-- Opening Marker --

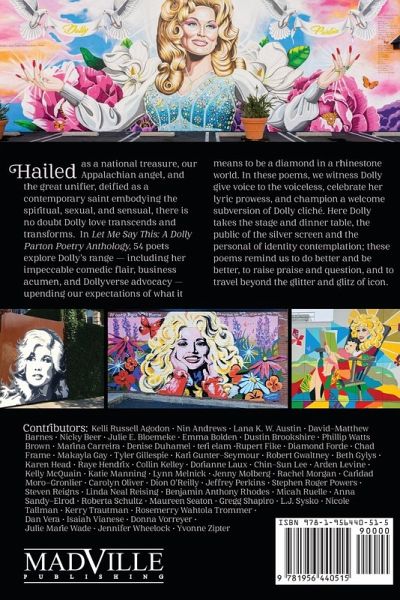 Let Me Say This: A Dolly Parton Poetry Anthology offers 54 poets' takes on often-unsung facets of this diamond in a rhinestone world-calling in Dolly's impeccable comedic timing, her lyric mastery, her business acumen, and her Dollyverse advocacy. These poems remind us to be better and to do better, to subvert Dolly cliché, and they encourage us to weave Dolly metaphor into our own family lore. Within these pages, Dolly takes the stage and the dinner table; readers see the public Dolly of the silver screen and the private Dolly of identity contemplation. Dolly raises praise and question, and she butterflies into our hearts to unabashedly to claim the mantra In Dolly We Trust.With Dolly poems from 54 contributors: Kelli Russell Agodon - Nin Andrews - Lana K. W. Austin - David-Matthew Barnes - Nicky Beer - Julie E. Bloemeke - Emma Bolden - Dustin Brookshire - Phillip Watts Brown - Marina Carreira - Denise Duhamel - teri elam - Rupert Fike - Diamond Forde - Chad Frame - Makayla Gay - Tyler Gillespie - Kari Gunter-Seymour - Robert Gwaltney - Beth Gylys - Karen Head - Raye Hendrix - Collin Kelley - Dorianne Laux - Chin-Sun Lee - Arden Levine - Katie Manning - Kelly McQuain - Lynn Melnick - Jenny Molberg - Rachel Morgan - Caridad Moro-Gronlier - Carolyn Oliver - Dion O'Reilly - Jeffrey Perkins - Stephen Roger Powers - Steven Reigns - Linda Neal Reising - Benjamin Anthony Rhodes - Micah Ruelle - Anna Sandy-Elrod - Roberta Schultz - Maureen Seaton - Gregg Shapiro - L.J. Sysko - Nicole Tallman - Kerry Trautman - Rosemerry Wahtola Trommer - Dan Vera - Isaiah Vianese - Donna Vorreyer - Julie Marie Wade - Jennifer Wheelock - Yvonne Zipter
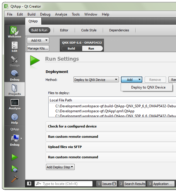 To deploy the BAR file and install the app, switch to Deploy to QNX Device before running the deployment step.
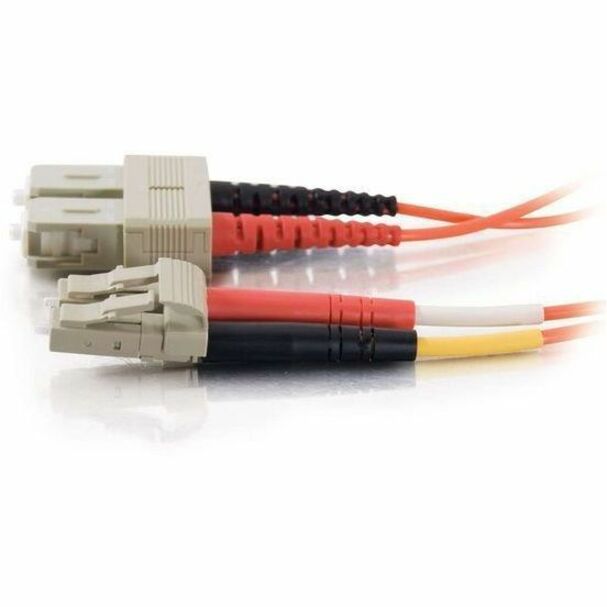 | Marketing Information | With LC to SC termination, this high quality fiber optic patch cable is specifically designed for fast ethernet, fiber channel, ATM and gigabit ethernet applications. The small LC connectors satisfy the need for higher port density both in the telecom room and the work area, and offer twice the port density of traditional SC and ST fiber connectors. The LC connector with its RJ-style latch clip design is easy to engage and disengage, and gives each connection greater durability in resisting pulls, strains, snags, and impacts during cabling installs and maintenance. The SC connector features a push-pull locking system. The patented injection molding process provides each connection greater durability in resisting pulls, strains and impacts from cabling installs. Each cable is 100% optically inspected and tested for insertion loss before you receive it. A pull-proof jacket design surrounds the popular 62.5/125 multimode fiber, immune to electrical interference. |
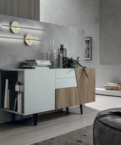 Тумба под TV с металлическими ножками, 2 распашными дверцами, 3 выдвижными ящиками и открытыми полками по бокам. Возможен вариант с металлической или керамической столешницей и другие варианты отделки.
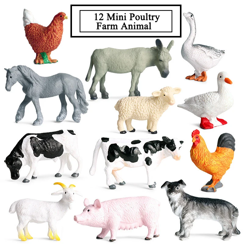 Имитация Птицы Животные СВИНЬЯ Корова курица 12 шт./компл. маленький размер ПВХ модель миниатюрная ферма петух Гусь Фигурки игрушки для детей подарок
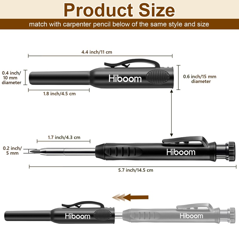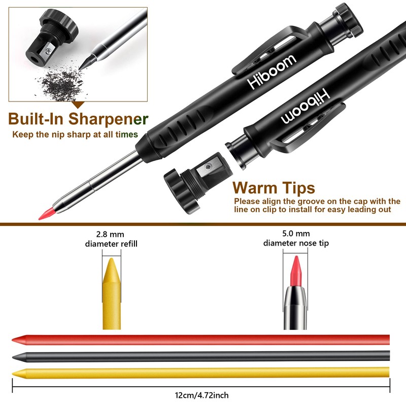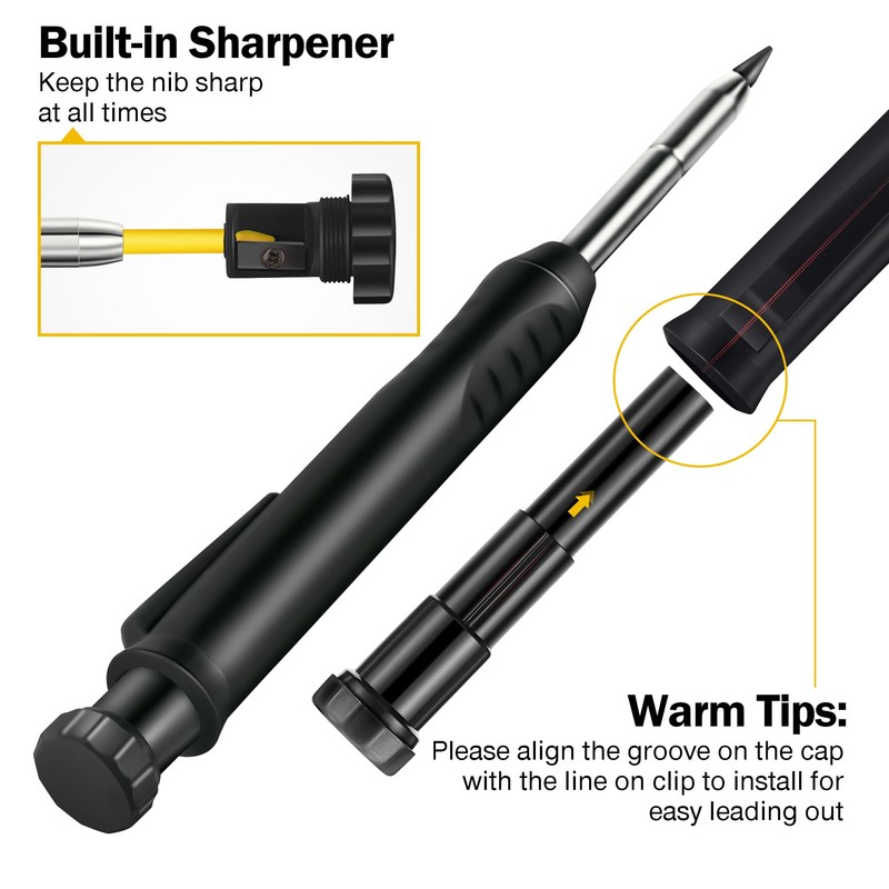 - Built in Sharpener: carpenter pencil top is equipped with mini pencil sharpener; Rotate marking pencil top to take out pencil sharpener, you can sharpen pencil refills anytime

-- Closing Marker --

* **PROBLEM TO SOLVE**: Exclude the pictures and reproduce every entry exactly.

* **EXERCISE RESULT**:
 Let Me Say This: A Dolly Parton Poetry Anthology offers 54 poets' takes on often-unsung facets of this diamond in a rhinestone world-calling in Dolly's impeccable comedic timing, her lyric mastery, her business acumen, and her Dollyverse advocacy. These poems remind us to be better and to do better, to subvert Dolly cliché, and they encourage us to weave Dolly metaphor into our own family lore. Within these pages, Dolly takes the stage and the dinner table; readers see the public Dolly of the silver screen and the private Dolly of identity contemplation. Dolly raises praise and question, and she butterflies into our hearts to unabashedly to claim the mantra In Dolly We Trust.With Dolly poems from 54 contributors: Kelli Russell Agodon - Nin Andrews - Lana K. W. Austin - David-Matthew Barnes - Nicky Beer - Julie E. Bloemeke - Emma Bolden - Dustin Brookshire - Phillip Watts Brown - Marina Carreira - Denise Duhamel - teri elam - Rupert Fike - Diamond Forde - Chad Frame - Makayla Gay - Tyler Gillespie - Kari Gunter-Seymour - Robert Gwaltney - Beth Gylys - Karen Head - Raye Hendrix - Collin Kelley - Dorianne Laux - Chin-Sun Lee - Arden Levine - Katie Manning - Kelly McQuain - Lynn Melnick - Jenny Molberg - Rachel Morgan - Caridad Moro-Gronlier - Carolyn Oliver - Dion O'Reilly - Jeffrey Perkins - Stephen Roger Powers - Steven Reigns - Linda Neal Reising - Benjamin Anthony Rhodes - Micah Ruelle - Anna Sandy-Elrod - Roberta Schultz - Maureen Seaton - Gregg Shapiro - L.J. Sysko - Nicole Tallman - Kerry Trautman - Rosemerry Wahtola Trommer - Dan Vera - Isaiah Vianese - Donna Vorreyer - Julie Marie Wade - Jennifer Wheelock - Yvonne Zipter
 To deploy the BAR file and install the app, switch to Deploy to QNX Device before running the deployment step.
 | Marketing Information | With LC to SC termination, this high quality fiber optic patch cable is specifically designed for fast ethernet, fiber channel, ATM and gigabit ethernet applications. The small LC connectors satisfy the need for higher port density both in the telecom room and the work area, and offer twice the port density of traditional SC and ST fiber connectors. The LC connector with its RJ-style latch clip design is easy to engage and disengage, and gives each connection greater durability in resisting pulls, strains, snags, and impacts during cabling installs and maintenance. The SC connector features a push-pull locking system. The patented injection molding process provides each connection greater durability in resisting pulls, strains and impacts from cabling installs. Each cable is 100% optically inspected and tested for insertion loss before you receive it. A pull-proof jacket design surrounds the popular 62.5/125 multimode fiber, immune to electrical interference. |
 Тумба под TV с металлическими ножками, 2 распашными дверцами, 3 выдвижными ящиками и открытыми полками по бокам. Возможен вариант с металлической или керамической столешницей и другие варианты отделки.
 Имитация Птицы Животные СВИНЬЯ Корова курица 12 шт./компл. маленький размер ПВХ модель миниатюрная ферма петух Гусь Фигурки игрушки для детей подарок
 - Built in Sharpener: carpenter pencil top is equipped with mini pencil sharpener; Rotate marking pencil top to take out pencil sharpener, you can sharpen pencil refills anytime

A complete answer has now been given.